Provided data section start
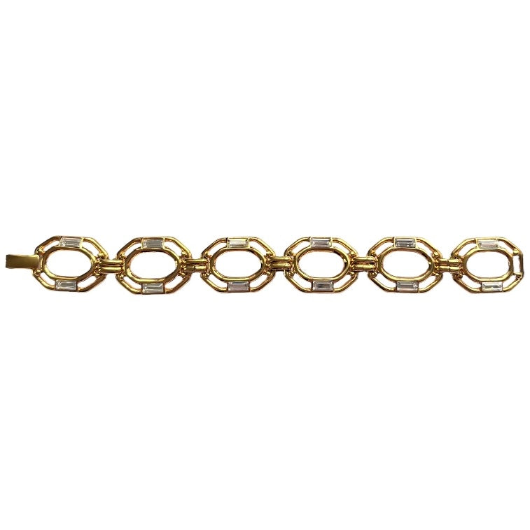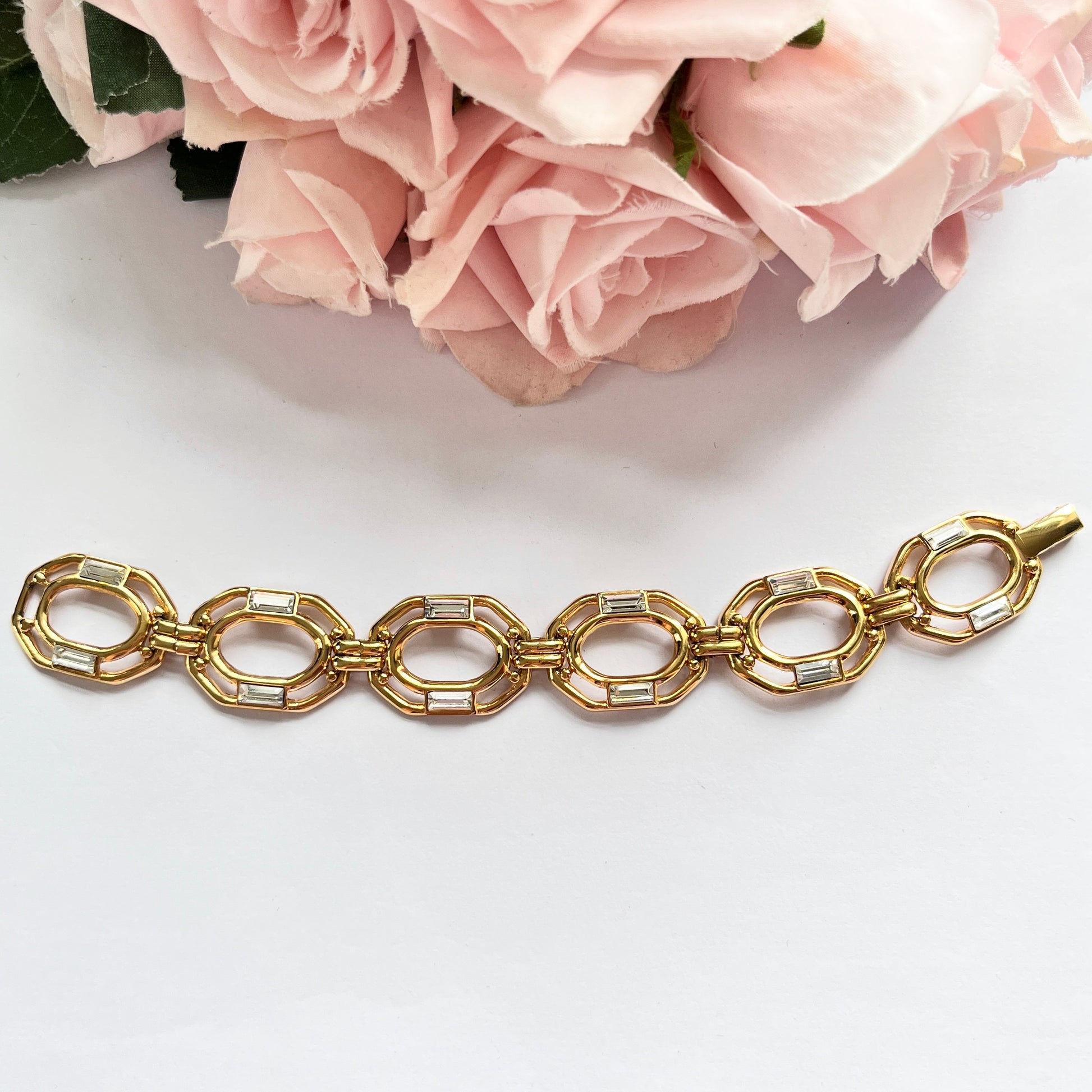1980s Gold Plated Diamanté Chain Bracelet. The links sit comfortably on your wrist, making this piece perfect for everyday wear. Featuring sparkling baguette cut diamantés. Made from high-quality materials, this bracelet is a great addition to any vintage costume jewellery collection. The fold-over clasp ensures a secure fit, so you can wear it with confidence.
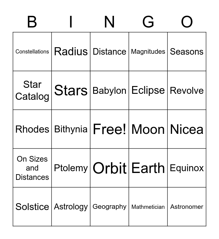This bingo card has a free space and 30 words: Astrology, Solar Theory, Bithynia, Weather calendar, Constellations, Distance, Stars, Orbit, Moon, Geography, Nicea, Astronomer, Mathmetician, Trigonometry, Revolve, Sun, Earth, On Sizes and Distances, Ptolemy, Seasons, Rhodes, Egypt, Radius, Eclipse, Star Catalog, Magnitudes, Equinox, Solstice, Babylon and Planets.
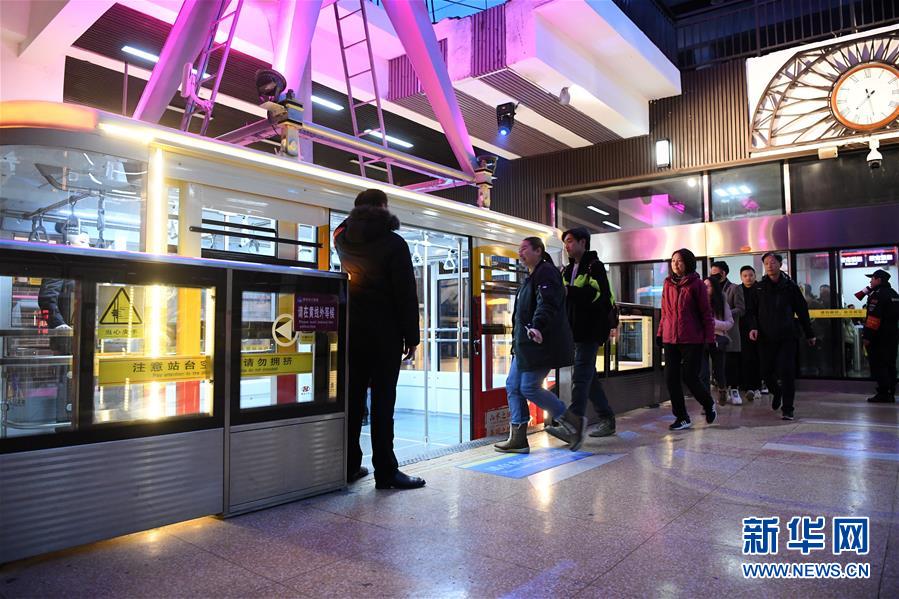 12月23日,前來體驗(yàn)的游客排隊(duì)進(jìn)入索道轎廂。新華社記者唐奕攝
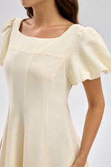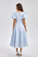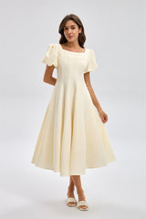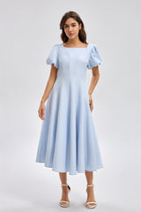 فستان ميدي بقصة واسعة وأكمام منفوخة
Provided data section end
For this exercise, reproduce the data above exactly from the line containing "12月23日,前來體驗(yà" through its final line, both ends included, with no pictures in the copy.

[Result of this exercise]:
 12月23日,前來體驗(yàn)的游客排隊(duì)進(jìn)入索道轎廂。新華社記者唐奕攝
 فستان ميدي بقصة واسعة وأكمام منفوخة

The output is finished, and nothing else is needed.